About this task.
The finished copy must match the records exactly, except that it contains no pictures.

Data shown.
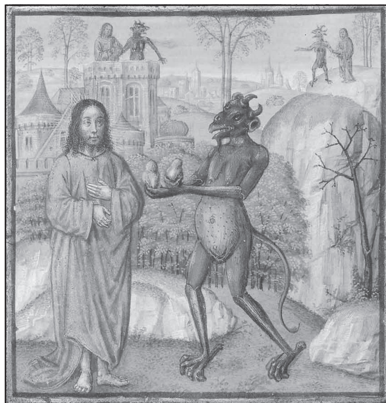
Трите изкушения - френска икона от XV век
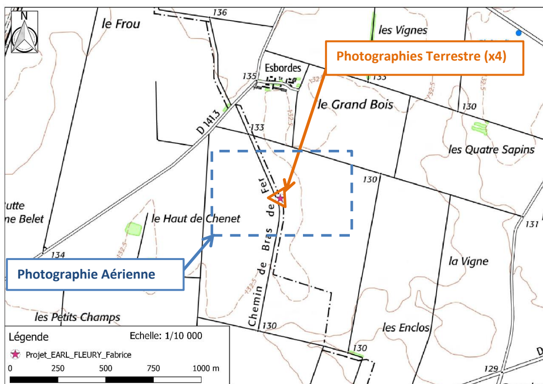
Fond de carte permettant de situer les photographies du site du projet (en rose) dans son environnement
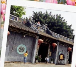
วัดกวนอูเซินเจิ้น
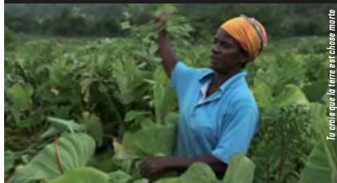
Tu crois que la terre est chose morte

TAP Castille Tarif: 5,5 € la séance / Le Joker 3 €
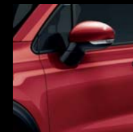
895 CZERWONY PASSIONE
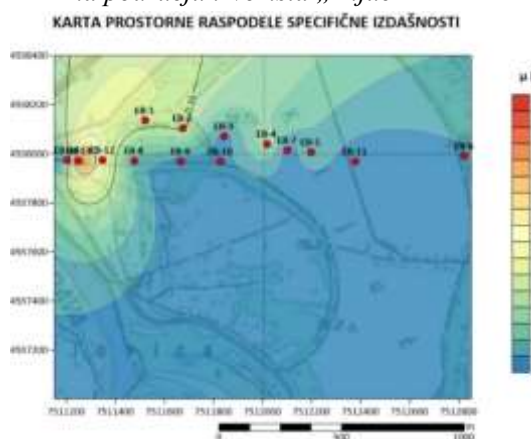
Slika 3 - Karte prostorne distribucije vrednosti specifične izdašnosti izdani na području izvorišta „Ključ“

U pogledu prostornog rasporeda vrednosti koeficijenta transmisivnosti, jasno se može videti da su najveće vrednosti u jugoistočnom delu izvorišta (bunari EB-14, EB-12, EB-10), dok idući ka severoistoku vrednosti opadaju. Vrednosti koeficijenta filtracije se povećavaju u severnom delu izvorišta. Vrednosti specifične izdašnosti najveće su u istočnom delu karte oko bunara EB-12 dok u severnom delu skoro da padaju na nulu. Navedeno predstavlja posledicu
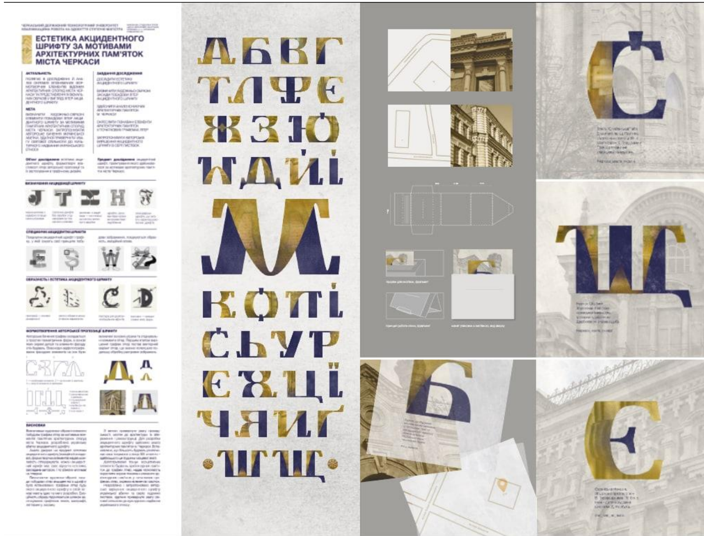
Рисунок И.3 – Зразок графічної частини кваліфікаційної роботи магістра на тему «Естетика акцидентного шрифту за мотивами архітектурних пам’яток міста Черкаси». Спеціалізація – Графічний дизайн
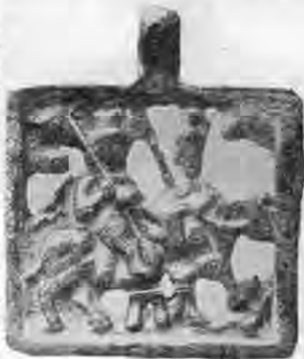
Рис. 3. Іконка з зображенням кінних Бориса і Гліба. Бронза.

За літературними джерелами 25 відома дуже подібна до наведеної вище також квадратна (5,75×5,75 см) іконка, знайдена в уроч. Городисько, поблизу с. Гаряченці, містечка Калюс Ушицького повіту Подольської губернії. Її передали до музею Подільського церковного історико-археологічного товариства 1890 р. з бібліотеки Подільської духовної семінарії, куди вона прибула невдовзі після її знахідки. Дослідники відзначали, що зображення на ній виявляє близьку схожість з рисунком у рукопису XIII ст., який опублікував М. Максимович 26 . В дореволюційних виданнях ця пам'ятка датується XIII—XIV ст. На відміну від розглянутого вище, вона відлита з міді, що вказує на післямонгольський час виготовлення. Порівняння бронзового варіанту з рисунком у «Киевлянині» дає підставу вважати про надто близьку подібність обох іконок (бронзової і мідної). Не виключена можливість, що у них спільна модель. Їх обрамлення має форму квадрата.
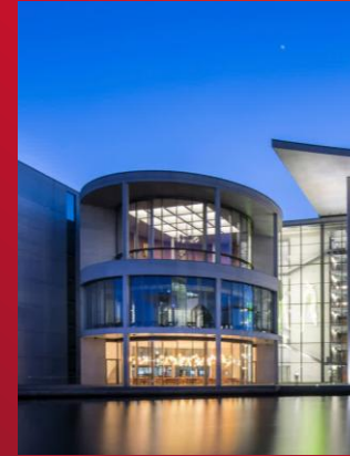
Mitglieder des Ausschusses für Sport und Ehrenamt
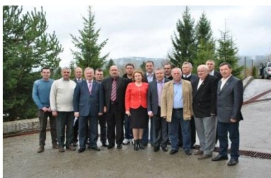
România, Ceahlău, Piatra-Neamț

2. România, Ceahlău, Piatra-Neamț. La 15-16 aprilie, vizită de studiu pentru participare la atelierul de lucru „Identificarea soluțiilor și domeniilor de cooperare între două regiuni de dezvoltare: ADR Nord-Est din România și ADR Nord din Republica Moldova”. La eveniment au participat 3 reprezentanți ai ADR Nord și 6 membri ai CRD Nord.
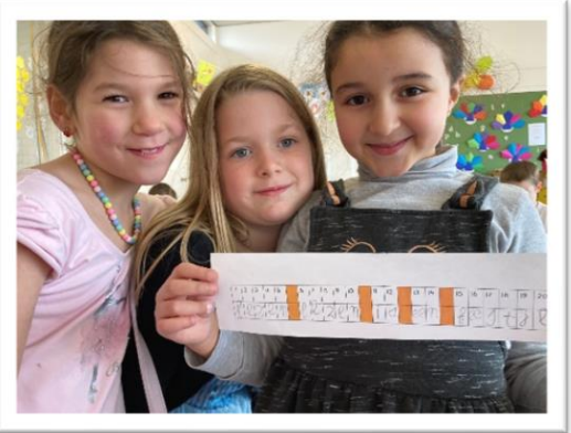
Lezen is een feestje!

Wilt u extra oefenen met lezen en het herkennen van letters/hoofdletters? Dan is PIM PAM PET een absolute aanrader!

Problem solution.
Трите изкушения - френска икона от XV век
Fond de carte permettant de situer les photographies du site du projet (en rose) dans son environnement
วัดกวนอูเซินเจิ้น
Tu crois que la terre est chose morte

TAP Castille Tarif: 5,5 € la séance / Le Joker 3 €
895 CZERWONY PASSIONE
Slika 3 - Karte prostorne distribucije vrednosti specifične izdašnosti izdani na području izvorišta „Ključ“

U pogledu prostornog rasporeda vrednosti koeficijenta transmisivnosti, jasno se može videti da su najveće vrednosti u jugoistočnom delu izvorišta (bunari EB-14, EB-12, EB-10), dok idući ka severoistoku vrednosti opadaju. Vrednosti koeficijenta filtracije se povećavaju u severnom delu izvorišta. Vrednosti specifične izdašnosti najveće su u istočnom delu karte oko bunara EB-12 dok u severnom delu skoro da padaju na nulu. Navedeno predstavlja posledicu
Рисунок И.3 – Зразок графічної частини кваліфікаційної роботи магістра на тему «Естетика акцидентного шрифту за мотивами архітектурних пам’яток міста Черкаси». Спеціалізація – Графічний дизайн
Рис. 3. Іконка з зображенням кінних Бориса і Гліба. Бронза.

За літературними джерелами 25 відома дуже подібна до наведеної вище також квадратна (5,75×5,75 см) іконка, знайдена в уроч. Городисько, поблизу с. Гаряченці, містечка Калюс Ушицького повіту Подольської губернії. Її передали до музею Подільського церковного історико-археологічного товариства 1890 р. з бібліотеки Подільської духовної семінарії, куди вона прибула невдовзі після її знахідки. Дослідники відзначали, що зображення на ній виявляє близьку схожість з рисунком у рукопису XIII ст., який опублікував М. Максимович 26 . В дореволюційних виданнях ця пам'ятка датується XIII—XIV ст. На відміну від розглянутого вище, вона відлита з міді, що вказує на післямонгольський час виготовлення. Порівняння бронзового варіанту з рисунком у «Киевлянині» дає підставу вважати про надто близьку подібність обох іконок (бронзової і мідної). Не виключена можливість, що у них спільна модель. Їх обрамлення має форму квадрата.
Mitglieder des Ausschusses für Sport und Ehrenamt
România, Ceahlău, Piatra-Neamț

2. România, Ceahlău, Piatra-Neamț. La 15-16 aprilie, vizită de studiu pentru participare la atelierul de lucru „Identificarea soluțiilor și domeniilor de cooperare între două regiuni de dezvoltare: ADR Nord-Est din România și ADR Nord din Republica Moldova”. La eveniment au participat 3 reprezentanți ai ADR Nord și 6 membri ai CRD Nord.
Lezen is een feestje!

Wilt u extra oefenen met lezen en het herkennen van letters/hoofdletters? Dan is PIM PAM PET een absolute aanrader!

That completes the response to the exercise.